Leiyn closed her eyes and thought back to the last time she had suffered a severe fever. She had been a child still, only twelve years old, and living in her hometown. The Blush had ravaged the Tricolonies—it had been inevitable that it swept through Orille.

But she had not thought the plague would rob her of her father.

She had almost died as well. Obeying her father, Leiyn had repressed her mahia. Only at her weakest did it win free of her bounds and save her life—inadvertently killing all their livestock as well as her loyal hound, Licky.

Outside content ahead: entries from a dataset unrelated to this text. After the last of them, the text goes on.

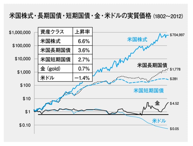 米国の株式、長期国債、ゴールド(金)、短期国債に投資した結果を描いています。期間は1802年〜2012年です。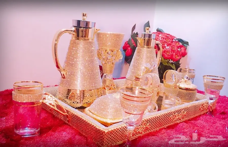طقم الضيافة الفاخر مرصع بالكريستال شاهد الصور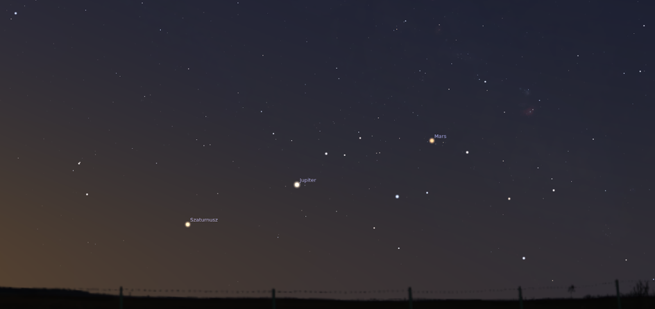 Február végén a horizonthoz legközelebb a halvány sárgás Szaturnusz helyezkedik majd el, őt követi a három égitest közül legfényesebb, a világos fehér Jupiter. Végül legmagasabban a vörös színben tetsző, halványabb Mars látszik majd.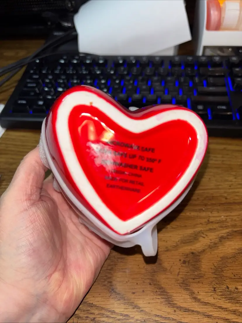 Red Heart Shaped Valentines Bowls (2) Microwave Safe Oven Safe Up To 350°F. Dishwasher Safe.

For years, she had rued that day. Now, she only wished her magic would return to her so strongly. After relying upon it in this war, she felt fragile and vulnerable without it.

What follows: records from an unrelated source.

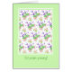 A very pretty 70th Birthday Card, with a pattern of pink Roses, creamy white Mock Orange and purple Lavender on a white background with a pale green border, from a handpainted watercolour design by Judy Adamson. You can personalise the inside message.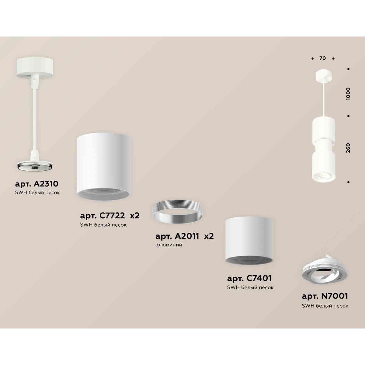 Комплект подвесного светильника Ambrella light Techno Spot XP7722030 SWH белый песок (A2310, C7722,A2011,C7401,A2011,C7722,N7001) от производителя Ambrella Light. Артикул производителя AMBRELLA_XP7722030.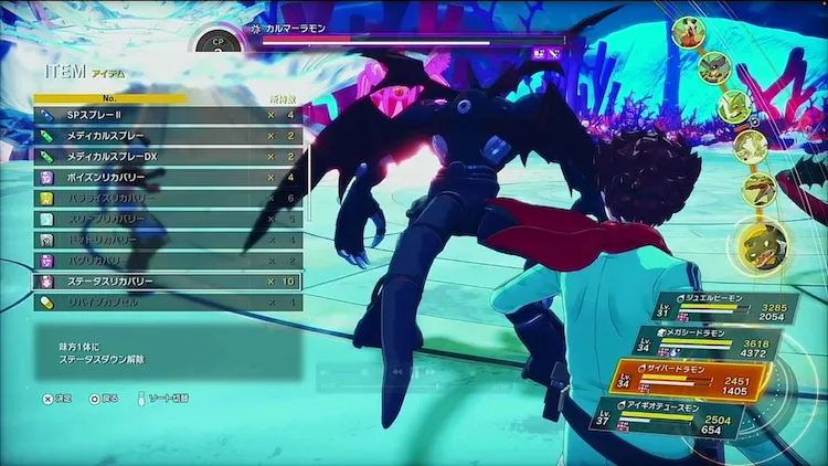 カルマーラモンは戦闘中に命中率ダウンのデバフ効果を味方全体に与えてくることがある。

This fever, she would have to fight off on her own.

Gritting her teeth, Leiyn labored to her feet. Stumbling about her necessities, she staggered free of the room and made down the corridor. She had to use the wall for support to stay upright, but just managed it.

She knew what Isla would say if she were here. There you go, being rash again. What’s the rush, Leiyn? Rest until the fever breaks. You can explore after.

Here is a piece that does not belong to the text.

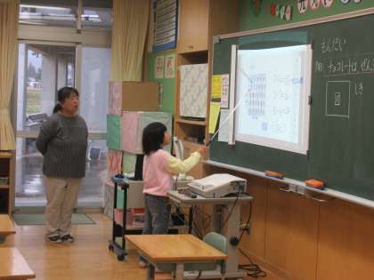 算数の時間、問題の解き方について説明します。自分の考えを分かりやすく伝えることができました。

But this was one time when Isla would have been wrong. She had no time to spare. Not with Adelina returning soon to likely to deliver another beating. Not with Sharo sniffing about her soul, waiting for her to break to seize it for his own.

She had to escape. Had to help them all escape. If they did not do it soon, she feared they never would.

Leiyn made it to the waxy altar before she collapsed. Slumped at its foot, she reached over the top to snap free one of the fresh candles, then lit it with the one that still burned. Rallying her flagging energy, she rose back to her feet. Blood rushed to her head, making her dizzy and almost sending her sprawling to the floor.

“Come on, Firebrand,” she wheezed. “Just two more corridors.”

She barely glanced up at the statue of San Jadiel, looking long enough to see the decorative scepter he cradled in his hands. Her gaze fell back to her feet, lacking the strength for anything more than shuffling forward. Even as she passed Zaki’s chamber, she did not look up. Only at the Eteman’s call did she pause.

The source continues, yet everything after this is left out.